On occasion their powerful outbursts create beacons of high-energy radiation that can be seen from clear across the Universe.
Many galaxies, if not all, are home to enormous black holes at their center — our own Milky Way being no exception. The supermassive black hole in the heart of our galaxy, Sgr A*, is estimated to weigh in at a hefty 4 million solar masses. That may sound impressive, but even this is literally dwarfed by what astronomers have discovered with NASA’s Chandra X-ray Observatory (along with radio data from the NSF’s Karl G. Jansky Very Large Array, the Australia Telescope Compact Array and infrared data from the 2 Micron All-Sky Survey): ultramassive black holes lounging in the centers of distant galaxies, containing the equivalent masses of 10 to 40 billion suns.
Yes, I said billion.
During a survey of 18 galaxy clusters, Chandra detected enormous outbursts of energy from ten of the brightest galaxies — such as the elliptical galaxy at the center of PKS 0745-19, seen above. These outbursts have cleared dark gaps in the hot, x-ray bright gas clouds surrounding the clusters, preventing the diffuse gas from condensing to form stars.
Because outbursts of this size would have to be fueled by the consumption of enormous amounts of material — capable by only the most massive black holes — scientists have calculated that these must be truly ultra-ultramassive… up to ten times more massive than earlier estimates. And if ten of these behemoths have been found in such a small collection of galaxies, it stands to reason that there must be more — lots more.

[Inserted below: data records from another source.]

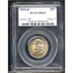 <table><tr><td><TABLE cellSpacing=0 cellPadding=0 width="100%" bgColor=#000000 border=0><TBODY> <TR><TD width="100%"><TABLE cellSpacing=1 cellPadding=3 width="100%" border=0><TBODY><TR><TD width="100%" bgColor=#79735c><FONT face=arial color=#ffffff size=3><B>Description</B> </FONT></TD></TR><TR><TD width="100%" bgColor=#ffffff><FONT face=arial size=2><B>1935-D 25C MS67 PCGS.</B></I> The 1935-D is another scarce, semi-key issue from the Denver mint. Only 5.78 million pieces were produced and high grade examples are very elusive. Only six other pieces have been certified in MS67 by PCGS with none finer at either of the major services (7/03). This is an absolutely splendid coin. The surfaces are covered with light moss-green and rose colored toning around lavender centers, and the whole coin has a significant presence of thick mint frost. As one would expect from the grade, the surfaces approach technical perfection. </FONT></TD></TR></TBODY></TABLE></TD></TR></TBODY></TABLE><BR><A name=PricesRealized></A><TABLE cellSpacing=0 cellPadding=0 width="100%" bgColor=#000000 border=0><TBODY><TR><TD width="100%"><TABLE cellSpacing=1 cellPadding=3 width="100%" border=0><TBODY><TR><TD width="100%" bgColor=#79735c><A name=PR><FONT face=arial color=#ffffff size=3><B>Previous Prices from Heritage Auctions</B> </FONT></A></TD></TR><TR><TD bgColor=#f6f6ed><TABLE cellSpacing=0 cellPadding=0 width="100%" border=1><TBODY><TR><TD align=middle width="33%"><B>Date</B></TD><TD align=middle width="33%"><B>Service</B></TD><TD align=middle width="33%"><B>Price</B></TD></TR><TR bgColor=whitesmoke><TD width="33%"><B>08/08/2001</B></TD><TD width="33%">PCGS</TD><TD width="33%">$5,175.00</TD></TR><TR bgColor=whitesmoke><TD width="33%"><B>09/01/1998</B></TD><TD width="33%">PCGS</TD><TD width="33%">$2,875.00</TD></TR></TBODY></TABLE></TD></TR><TR><TD bgColor=#ffffff><FONT face=arial size=1 ?>PLEASE NOTE: All prices realized reflect the final hammer price PLUS the buyer's premium in auctions that charge a buyer's premium. Each item has a notation at the top of the listing indicating whether that lot included a buyer's premium. Example: A item that sells with a final hammer price of $100 and a 20% buyer's premium will display with a price realized of $120. All information listed is intended to be as accurate as possible, but errors are possible. Please use this guide carefully and inform us of any inaccuracies. </FONT></TD></TR></TBODY></TABLE></TD></TR></TBODY></TABLE><BR><TABLE cellSpacing=0 cellPadding=0 width="100%" bgColor=#000000 border=0><TBODY><TR><TD width="100%"><TABLE cellSpacing=1 cellPadding=3 width="100%" border=0><TBODY><TR><TD width="100%" bgColor=#79735c colSpan=6><FONT face=arial color=#ffffff size=3><B>Price Guide*</B> </FONT></TD></TR><TR bgColor=#f6f6ed><TD align=middle><B>Grade</B> </TD><TD align=middle><B>Coin World<BR>(Trends)</B> </TD><TD align=middle><B>Numismedia<BR>Retail</B> </TD><TD align=middle><B>Numismedia<BR>Wholesale</B> </TD><TD align=middle><B>Coin<BR>Universe</B> </TD><TD align=middle><B>Heritage<BR>Value Index</B> </TD></TR><TR bgColor=#ffffff><TD align=middle>66</TD><TD align=right>---</TD><TD align=right>---</TD><TD align=right>$1,575.00</TD><TD align=right>$2,000.00</TD><TD align=right>$1,137.50</TD></TR><TR style="FONT-WEIGHT: bold" bgColor=#cccfdd><TD align=middle>67</TD><TD align=right>---</TD><TD align=right>---</TD><TD align=right>$3,475.00</TD><TD align=right>$12,500.00</TD><TD align=right>$8,400.00</TD></TR><TR bgColor=#ffffff><TD align=middle>68</TD><TD align=right>---</TD><TD align=right>---</TD><TD align=right>---</TD><TD align=right>---</TD><TD align=right>---</TD></TR><TR bgColor=#ffffff><TD colSpan=6><FONT size=1>*All information listed is intended to be as accurate as possible, but errors are possible. No item may be returned or refused based on this information which is provided as a service to our customers. You should contact each pricing source directly to determine the accuracy of this information. </FONT></TD></TR></TBODY></TABLE></TD></TR></TBODY></TABLE><BR><TABLE cellSpacing=0 cellPadding=0 width="100%" bgColor=#000000 border=0><TBODY><TR><TD width="100%"><TABLE cellSpacing=1 cellPadding=3 width="100%" border=0><TBODY><TR><TD width="100%" bgColor=#79735c><FONT face=arial color=#ffffff size=3><B>Population Guide</B> </FONT></TD></TR><TR bgColor=#ffffff><TD align=middle><!-- Begin Output of Population Grid--><TABLE cellSpacing=0 cellPadding=0 width="100%" border=0><TBODY><TR><TD vAlign=center><TABLE cellSpacing=0 width="100%" border=1 cellsadding="3"><TBODY><TR><TD vAlign=center><TABLE cellSpacing=0 cellPadding=3 width="100%" border=1><TBODY><TR><TD vAlign=center align=middle bgColor=#f0f1e8 colSpan=2 <CENTER><FONT face=Arial size=2><B>PCGS Pop </B></FONT><CENTER></CENTER></TD><TD vAlign=center align=middle bgColor=#f0f1e8 colSpan=2><CENTER><FONT face=Arial size=2><B>NGC Pop</B></CENTER></FONT></TD></TR><TR><TD vAlign=center><FONT face=Arial size=2>(67)</FONT> </TD><TD vAlign=center align=right><FONT face=Arial size=2>8</FONT> </TD><TD vAlign=center><FONT face=Arial size=2>(67)</FONT> </TD><TD vAlign=center align=right><FONT face=Arial size=2>4</FONT> </TD></TR><TR><TD vAlign=center><FONT face=Arial size=2>(>67)</FONT> </TD><TD vAlign=center align=right><FONT face=Arial size=2>0</FONT> </TD><TD vAlign=center><FONT face=Arial size=2>(>67)</FONT> </TD><TD vAlign=center align=right><FONT face=Arial size=2>0</FONT> </TD></TR></TBODY></TABLE></TD></TR></TBODY></TABLE></TD></TR></TBODY></TABLE><!-- End Output of Population Grid--></TD></TR></TBODY></TABLE></TD></TR></TBODY></TABLE><BR><TABLE cellSpacing=0 cellPadding=0 width="100%" bgColor=#000000 border=0><TBODY><TR> Important notice: Heritage usually auctions material at the rate of 200-250 lots per hour. On some occasions eBay Live bid software or the Internet may not be able to keep up with the pace of the auction. We recommend placing a realistic absentee bid now as insurance to avoid disappointment. Occasionally
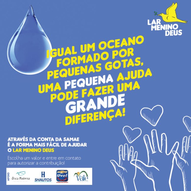 Faça sua doação juntamente com a fatura de água.
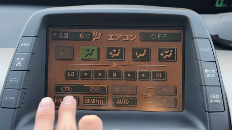 エアコンはナビ内からタッチして操作するもの。正直言って操作性はよろしくない。
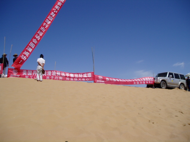 主办单位:银川市建设运动休闲城市领导小组、银川市旅游局 银川晋源汽车服务有限公司、 车之娱汽车俱乐部、 人车生活户外越野俱乐部、 宁夏大漠先锋汽车俱乐部、 中国云翔汽车俱乐部、 银川丁丁车工厂、 银川极限金邦汽车改装俱乐部、 灵武市风速汽车越野俱乐部、 灵武市摩托车俱乐部、 飚骑越野俱乐部 、 飚风越野摩托车运动俱乐部、 摩之旅俱乐部、 胜途摩托车俱乐部、 贺兰山车队 猎豹迷你机车俱乐部 正值绚烂六月,2009年银川市沙漠运动休闲系列活动暨首届宁夏旅游行业运动会沙漠项目各类比赛在黄沙古渡景区隆重开幕。 沙漠机车冲坡大赛,这次吸引了宁夏及周边十六支队伍参加本次大塞,我们银川德锋商贸有限公司携丹弗润滑油赞助了本次机车冲坡大赛。在比赛场地显眼的位置我们搭建了丹弗润滑油展架及写真喷绘条幅等,进行大力宣传。。比赛场地前围观了很多观众,不少观众在展台前驻足停留,了解丹弗润滑油。这次比赛还吸引了宁夏各大媒体的宣传报道,取得了很好的宣传效果。伴随着轰隆隆的机车声,机车向20多米长近90度的抖坡上冲去,机车冲破的惊险和刺激,赢得了游客们的阵阵喝彩。

“Our results show that there may be many more ultramassive black holes in the universe than previously thought,” said study leader Julie Hlavacek-Larrondo of Stanford University.
More research and modeling will be needed to confirm the team’s results, including comparison to a known ultramassive black hole in the galaxy M87, located in the nearby Virgo cluster of galaxies.
“If our results are confirmed, they will have important ramifications for understanding the formation and evolution of black holes across cosmic time,” Hlavacek-Larrondo said. “I wouldn’t be surprised if we end up finding the biggest black holes in the Universe.”